## Task brief
Return nothing but the lines from the one with "- For the last" through the one with "M/ネイビー ホワイト |" in the data below, word for word and without pictures.

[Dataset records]
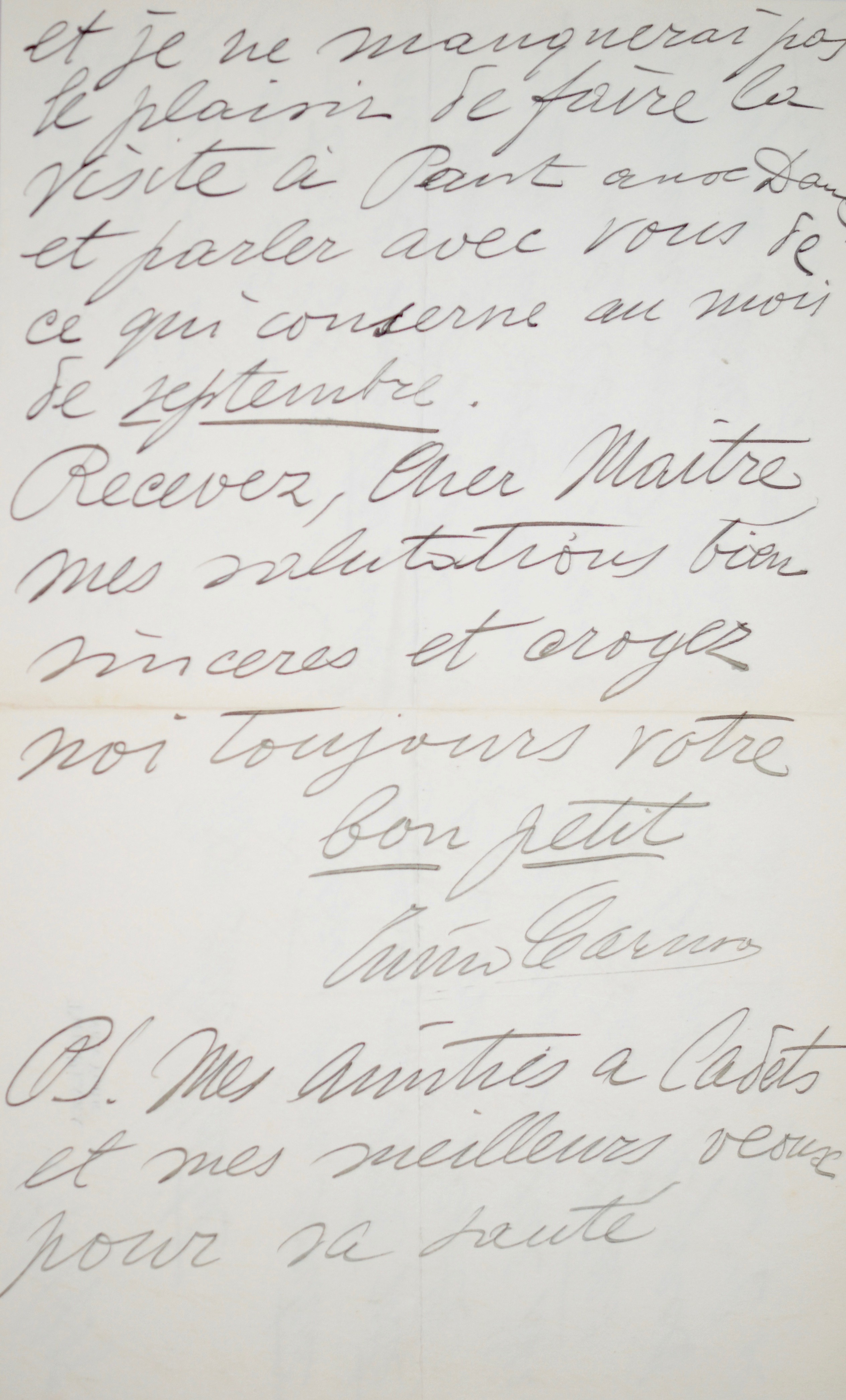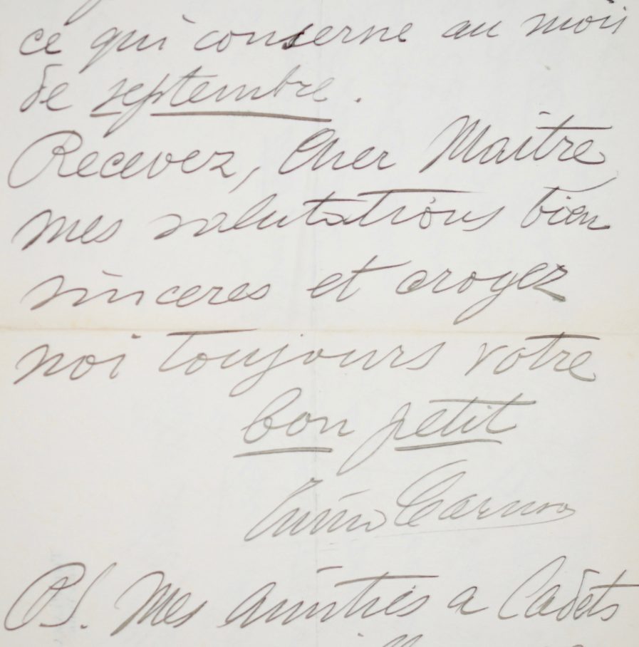 Destinataire : "mon cher maître" [Coquelin aîné (1841/1909), comédien]
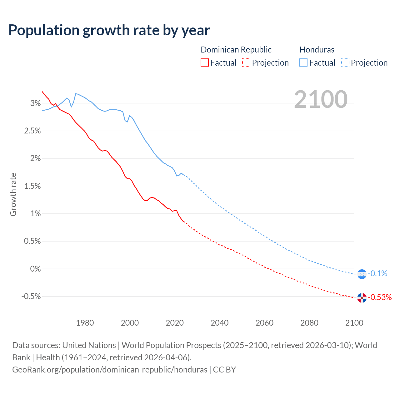 - For the last 10 years, the Dominican Republic has had an average growth rate of +1.04% per year vs +1.81% in Honduras.
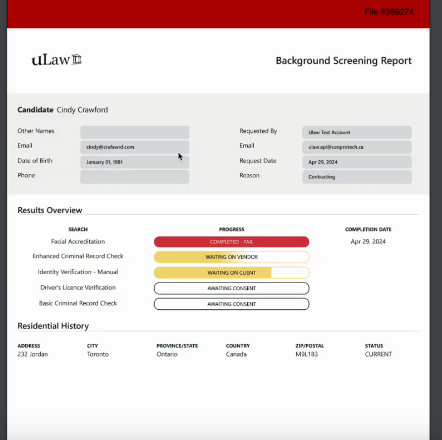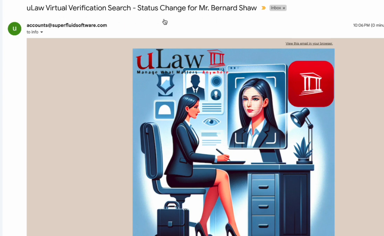 When you conduct a virtual verification search, uLawPractice will send you an email. It will look something like below:
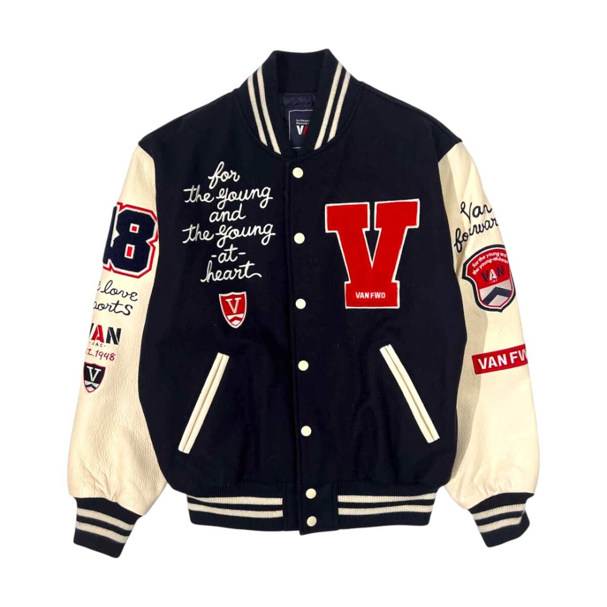 | 商品名 | VAN JAC ヴァンヂャケット FWD フルデコ 袖革スタジャン M/ネイビー ホワイト |
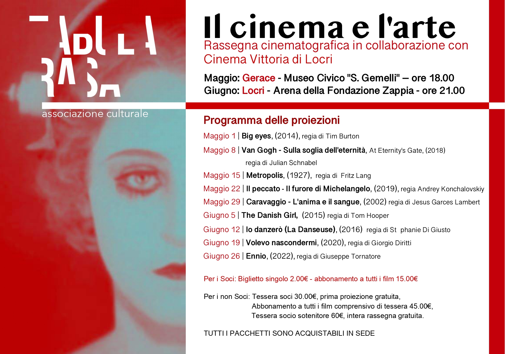 Riguardo questi ultimi, il via è stato dato ieri, domenica 1 maggio, con l’inaugurazione di una rassegna cinematografica, piuttosto suggestiva nella sua variegata proposta, che vede la collaborazione del citato Cinema Vittoria: al Museo Civico S. Gemelli di Gerace è stato infatti proiettato il film Big Eyes (Tim Burton, 2014) e nel corso del corrente mese nella stessa struttura vi saranno in cartellone altri titoli, mentre a giugno le proiezioni si sposteranno nell’Arena della Fondazione Zappia, a Locri, come potete leggere nella locandina qui di seguito.

## Written solution
 - For the last 10 years, the Dominican Republic has had an average growth rate of +1.04% per year vs +1.81% in Honduras.
 When you conduct a virtual verification search, uLawPractice will send you an email. It will look something like below:
 | 商品名 | VAN JAC ヴァンヂャケット FWD フルデコ 袖革スタジャン M/ネイビー ホワイト |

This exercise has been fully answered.